EDITORIAL

The silver lining in a dark immigration vote

Editorial board
The Republic | azcentral.com
Immigrants prepare to be unshackled and set free from the Adelanto Detention Facility in 2013.

A sliver of a silver lining poked out from the U.S. House's anti-immigration-reform vote Wednesday.

The GOP majority approved an appropriations bill for the Department of Homeland Security that denies any funding for President Barack Obama's executive actions on immigration. That includes the Deferred Action for Childhood Arrivals of 2012 and last year's action protecting another 4 million people from deportation.

Republicans insisted this wasn't about immigration but about Obama's overreach. No one's buying that. This was about immigration.

5 tenets of true immigration reform:

It's a temper tantrum executed from the safety of knowing the bill will never become law. There may not be 51 votes in the Senate, and there certainly aren't the 60 votes necessary to stop a filibuster.

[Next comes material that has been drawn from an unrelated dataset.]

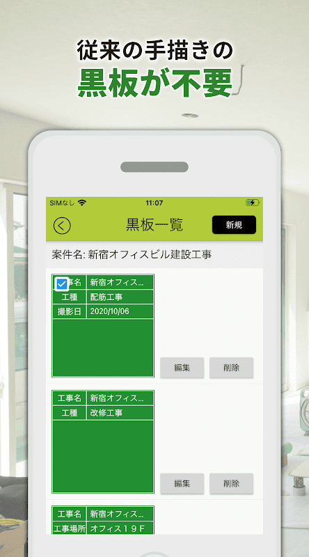 Este é um pequeno aplicativo de quadro eletrônico que não requer organização de fotos. Ao tirar fotos de canteiros de obras, você pode tirar fotos com quadros negros em seu smartphone. Você pode criar personagens do quadro-negro a partir do seu computador ou smartphone e simplesmente selecionar em uma lista para tirar uma foto. Ao vincular-se ao PROOSHARE (Web), as fotos da construção são organizadas automaticamente, dispensando sua organização.

But that's not the silver lining.

The good news in Wednesday's action came in a vote on the amendment to deny funding for Obama's "dreamer"-lite program. More than two dozen Republicans peeled away to vote no, including freshman Rep. Martha McSally of Tucson. Five more votes and the amendment would have failed.

That's the first official indication of how much support immigration reform may have in the House. These 26 Republicans couldn't bring themselves to lash out at Obama by voting against dreamers, the most sympathetic figures in immigration. That is a sign that positive reform could be achievable.

It's still a long-shot. Obama's executive actions muddied the waters, and the anti-reform hardliners remain the loudest voices in the House. The have powerful allies in the Senate.

But if these moderates can exert themselves and build their ranks, real reform might have a chance.

It might not have the path to citizenship that the Senate bill of 2013 contained. Still, the country would be better off with a bill that modernized immigration law, created guest worker programs, enforced expired visas and brought 11 million to 12 million people out of the shadows with some sort of legal status.

Republicans could defuse a potent issue for Democrats in the 2016 elections and beyond. Business would have the stability of an assured supply of low- and high-skill labor. Law enforcement could turn its attention to dangerous criminals.

And millions of people, with an ever-present threat of deportation removed from their lives, could become even more productive participants in the American economy.

Will it happen? It's a long-shot. But those 26 "no" votes keep the spark alive.